We kept hearing that people didn’t have time to test, or that their code was too hard to test.
(Mostly) smart people who hadn’t seen a different way
Basically, these were (mostly) smart people who didn’t know what they didn’t know, and couldn’t afford to stop and learn everything at once.
We had to identify how to get the right knowledge and practices to spread over time.
Geoffrey A. Moore, Crossing the Chasm, 3rd Edition
Different people embrace change at different times
The “Crossing the Chasm” model from Geoffrey Moore’s book of the same name helps to make sense of our dilemma.3 At a high level, it illustrates how different segments of a population respond to a particular innovation.

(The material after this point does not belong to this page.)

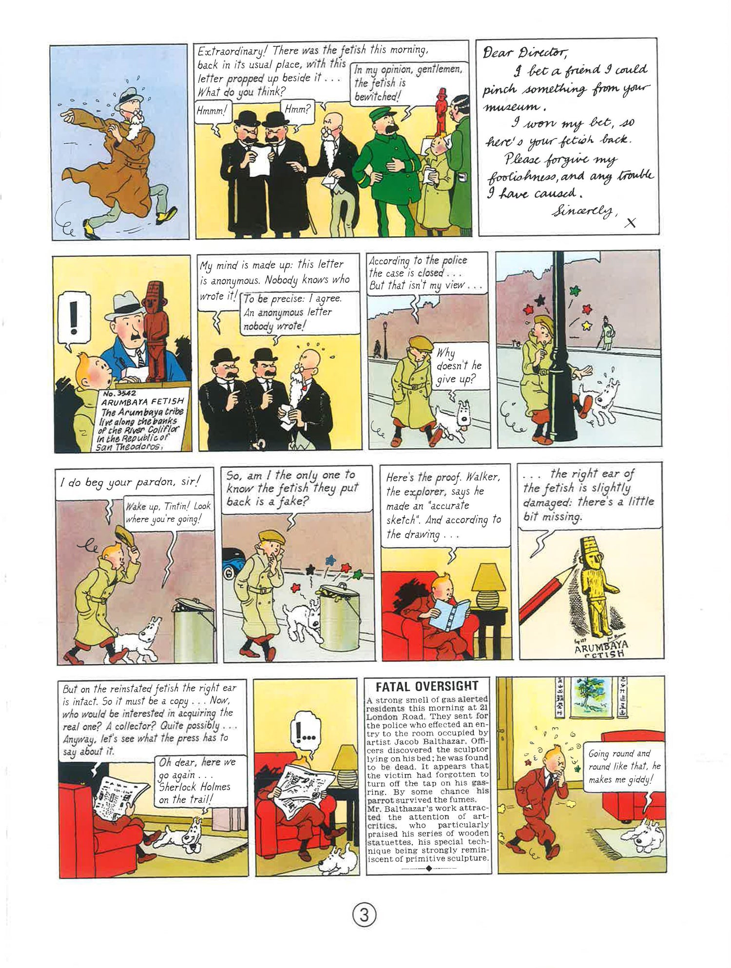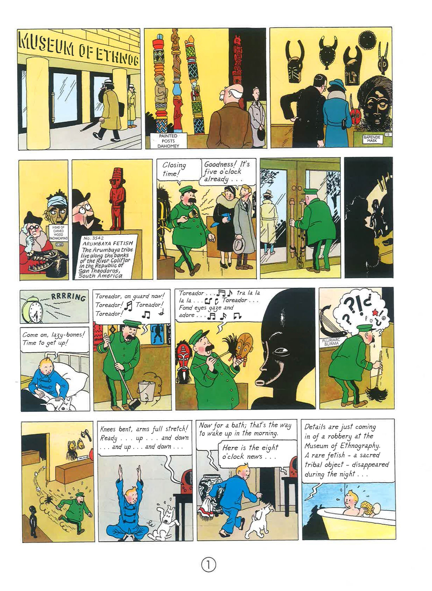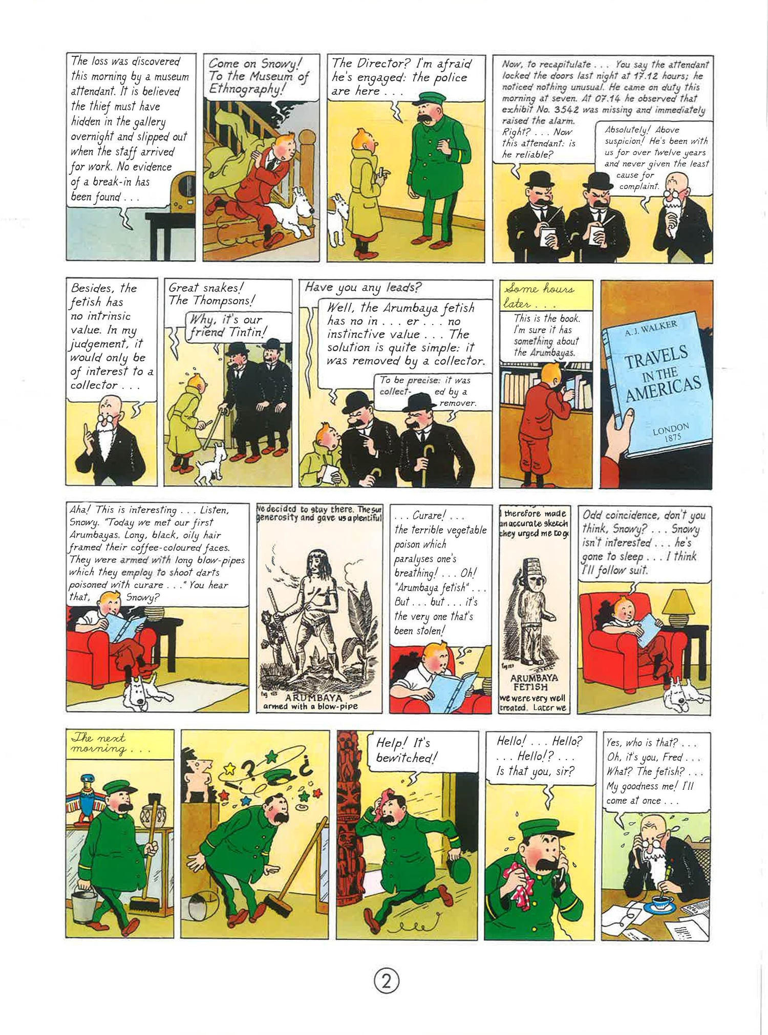 The Arumbaya fetish has been stolen! But with the help of a talking parrot, Tintin is soon on the hunt for the famous artefact, which can be distinguished by its broken ear. He must solve a murder and discover the true value of the fetish, and quick – because he is not the only one on the trail!

Innovators and Early Adopters are like-minded seekers, enthusiasts and visionaries who together bring an innovation to the market and lead people to adopt it. I like to lump them together and call them Instigators.
The Early Majority are pragmatists who are open to the new innovation, but require that it be accessible and ready to use before adopting it.
The Late Majority are followers waiting to see whether or not the innovation works for the Early Majority before adopting it.
Laggards are the resisters who feel threatened by the innovation in some way and complain about it the most. They may potentially raise valid concerns, but often they only bluster to rationalize sticking with the status quo.4
The Instigators face the challenge of bringing an innovation across The Chasm separating them from the Early Majority, developing what Moore calls The Total Product. Developing the Total Product requires that the Instigators identify and fulfill several needs the Early Majority has in order to facilitate adoption.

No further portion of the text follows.